Он пошел в ресторан "Театральный", заказал свой традиционный обед и вовсе не традиционные для него двести граммов чего-то крепкого. Например, горилки с перцем. И сало с чесноком к ней на закуску, а еще луку. Ближе к реальности. Долго обедал. Вспомнились чьи-то слова: "Культура - это пародия и любовь". Те, которые вокруг Таи, в самом деле будто пародия на людей. Но любовь... Где она? Неужели он мог влюбиться в эту женщину? Тогда плакал во сне. А она плакала в горах, выходя на этюды. Что о нею происходит? Какую жизнь она прожила? Ни о чем не расспросил, ничем не поинтересовался. Привык иметь дело с вещами мертвыми, с прошлым, с сухой логикой, с писаниями и проповедями. А живой человек всегда сложнее и дороже всех самых мудрых писаний и проповедей. Ну, да ладно уж...

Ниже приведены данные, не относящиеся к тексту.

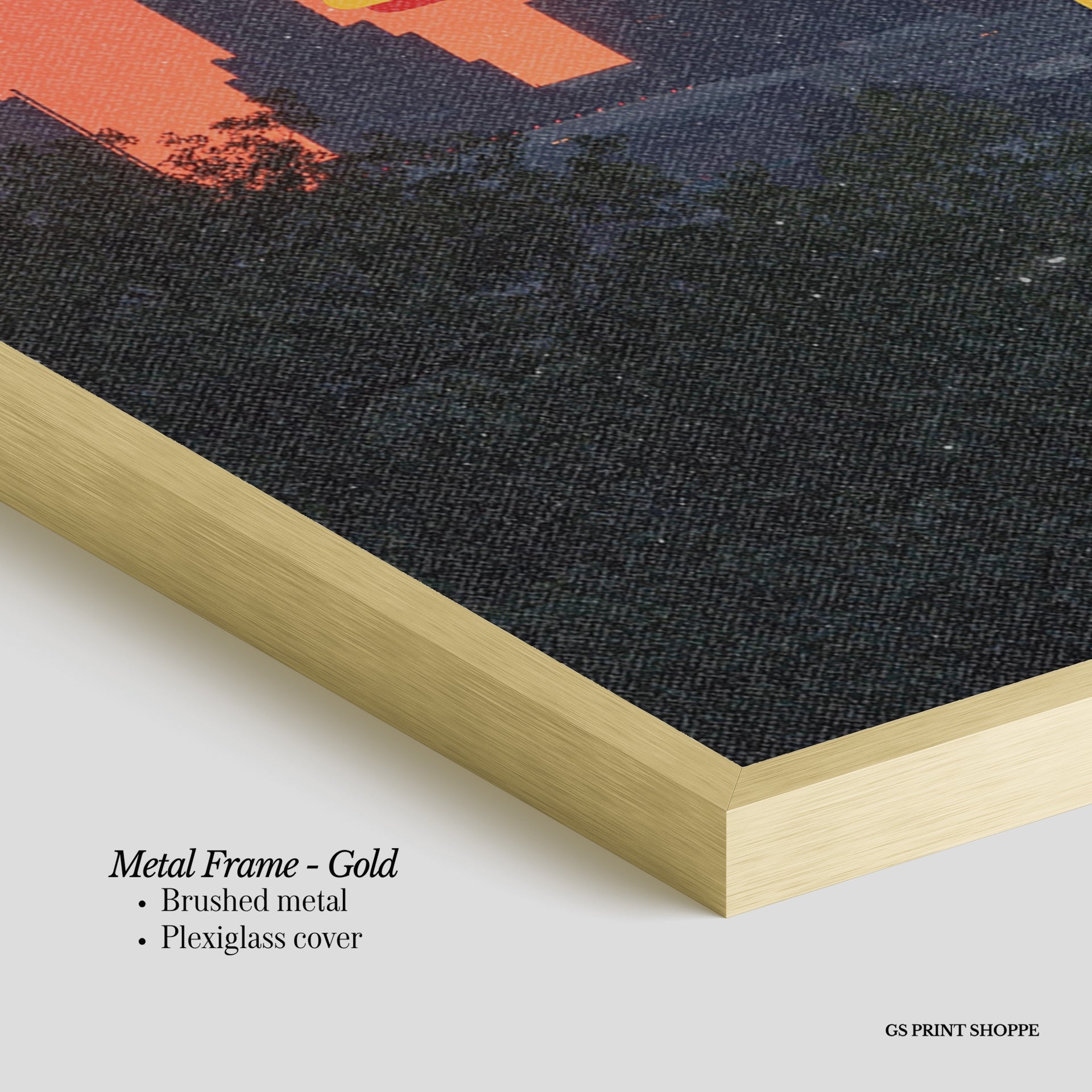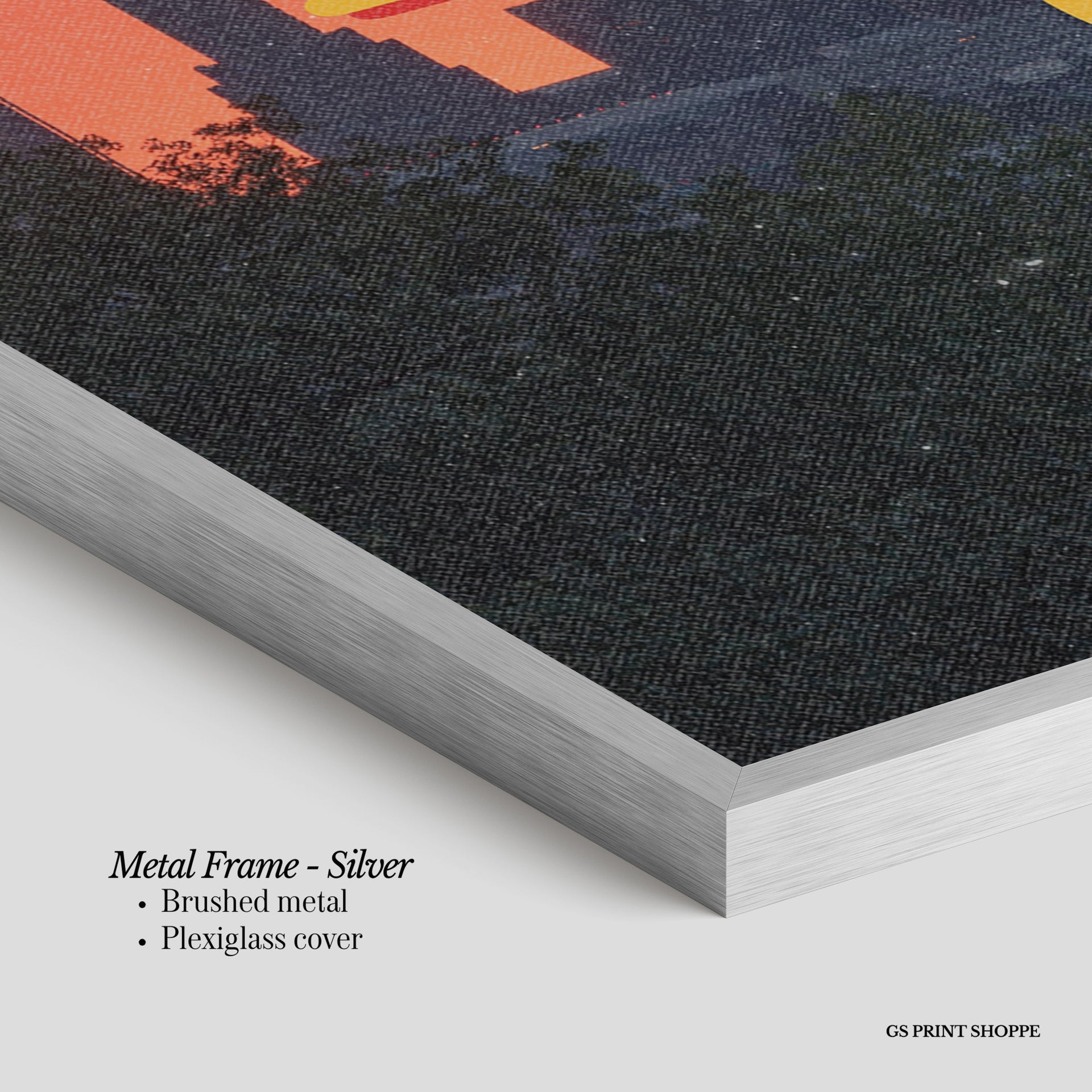 Metal Frame: Sleek and modern, our metal frame is crafted with brushed metal for a polished finish. It comes with durable plexiglass and sturdy metal hangers for horizontal or vertical display.
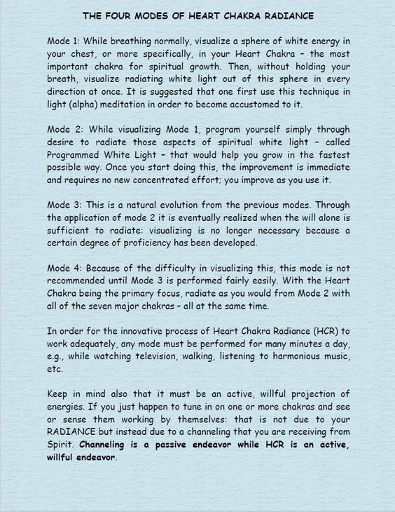 Visualize a white sphere in your heart or heart chakra that is radiating spiritual white light in all directions at once. At the same time, with the intake of each breath, visualize drawing in energy as you
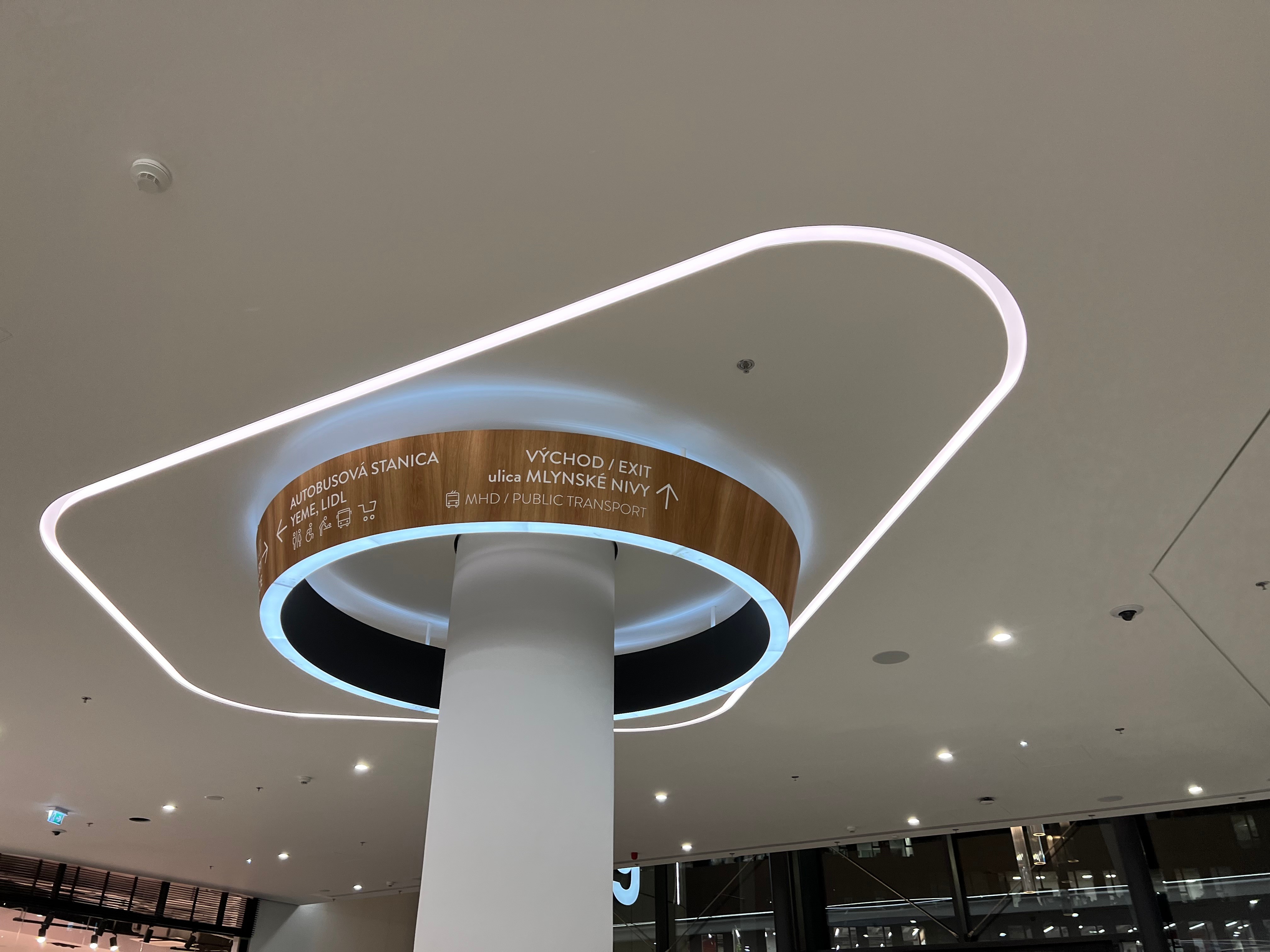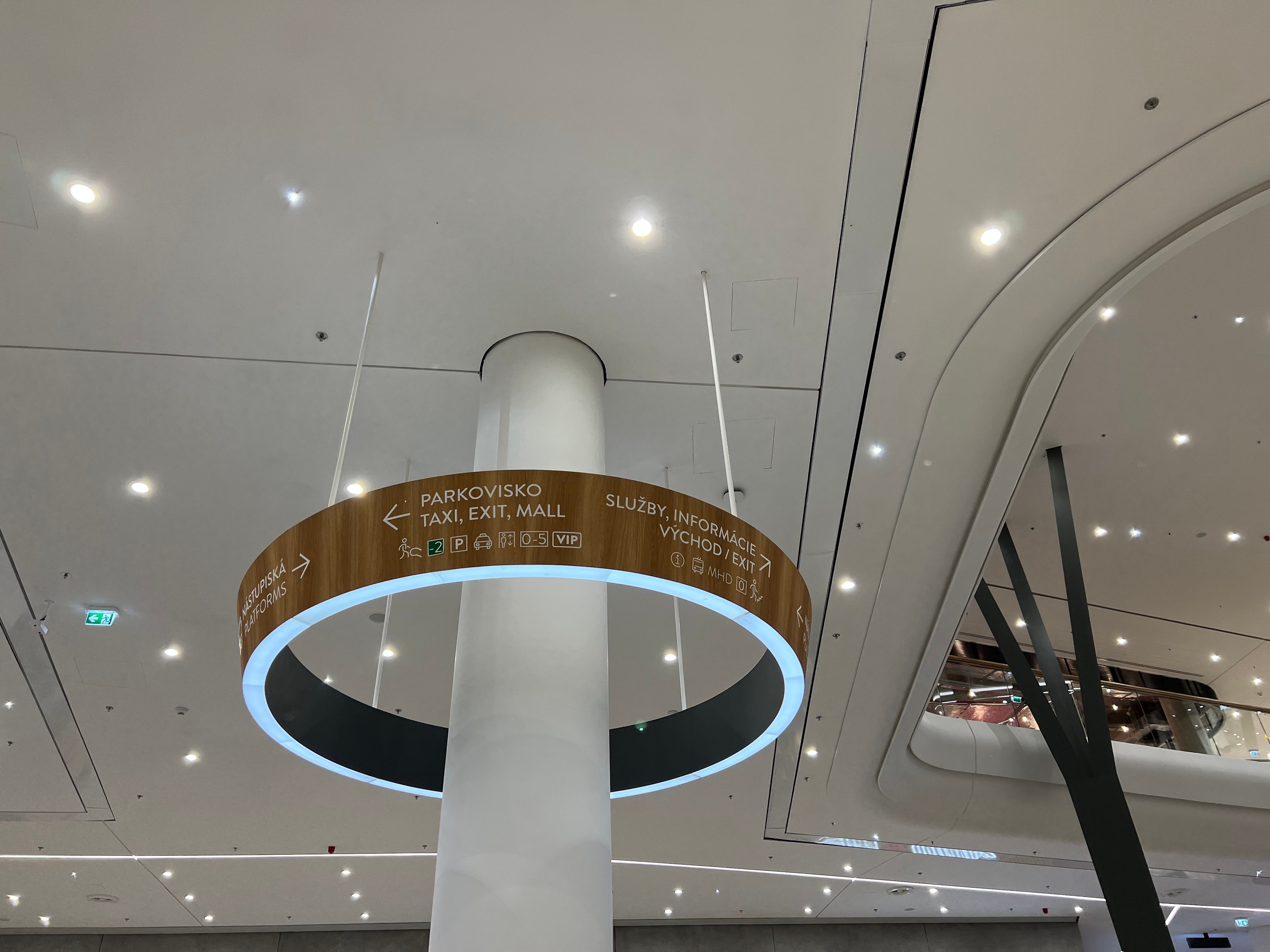 K východu z budovy vás navádzajú aj takéto smerové tabule
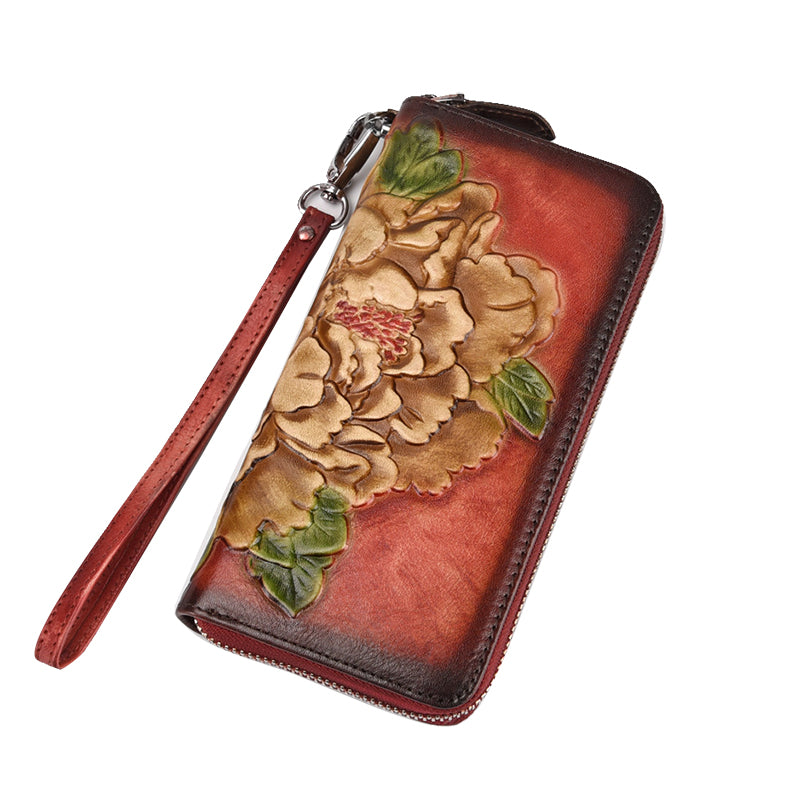Design: Womens Peony Flower Leather Wristlet Wallet Zip Around Wallets Floral Ladies Zipper Clutch Wallet for Women
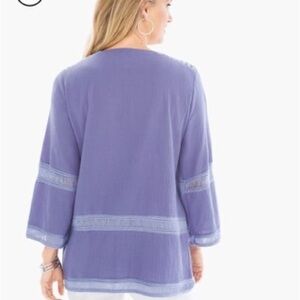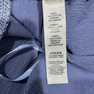 Light powder blue top with 3/4” length sleeves, tassel tie front, hand wash. Sz XS a bit oversized.
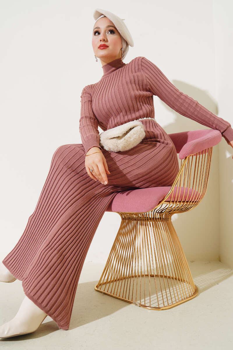 Kolları Fiyonk Detaylı Selanik Elbise Mürdüm

Он вспомнил, как влюбился в студентку, когда учился. Конечно же блондинка. Конечно же на два курса старше его. Звали Настей. Ничего ей не сказал, даже не был с нею знаком. При встречах в университетских коридорах многозначительно на нее смотрел и в своей наивности думал, что этого достаточно.
А потом его товарищ, рыжий Сашко, выспросив как-то, кто ему нравится, свистнул:
- Ох ты же и влип!
- Почему свистишь? - обиделся Отава. - У меня чистые...
- Да потому, - не дал ему закончить Сашко. - Во-первых, она замужем за майором, потому что нужно же питаться, а во-вторых, - тут Сашко причмокнул, - пока ты вздыхал на расстоянии, я уже...
Отава тогда жестоко избил Сашка, этот поступок разбирался на комсомольском бюро, Отаве влепили выговор, но...
Он вышел из ресторана не через парадную дверь, которая уже была заперта из-за отсутствия свободных мест, а прямо в гостиницу, и тут ему пришло в голову, что он мог бы... Это чем-то напоминало давнишнее приключение с Настей и рыжим Сашком, но пускай даже так. На него, видно, подействовало "с перцем", а может, в подсознании прозвучал где-то приказ, какие-то там моральные тормоза были отпущены, и профессор Отава на какое-то время перестал быть только профессором, превратился в обыкновенного человека, быть может, даже в того задиристого и непоседливого мальчишку военных лет, который, в отличие от своего отца, чудаковатого и растерянного профессора, многое успел тогда, и если бы отец хоть капельку пошел ему тогда навстречу, то как знать - быть может, и уцелел бы...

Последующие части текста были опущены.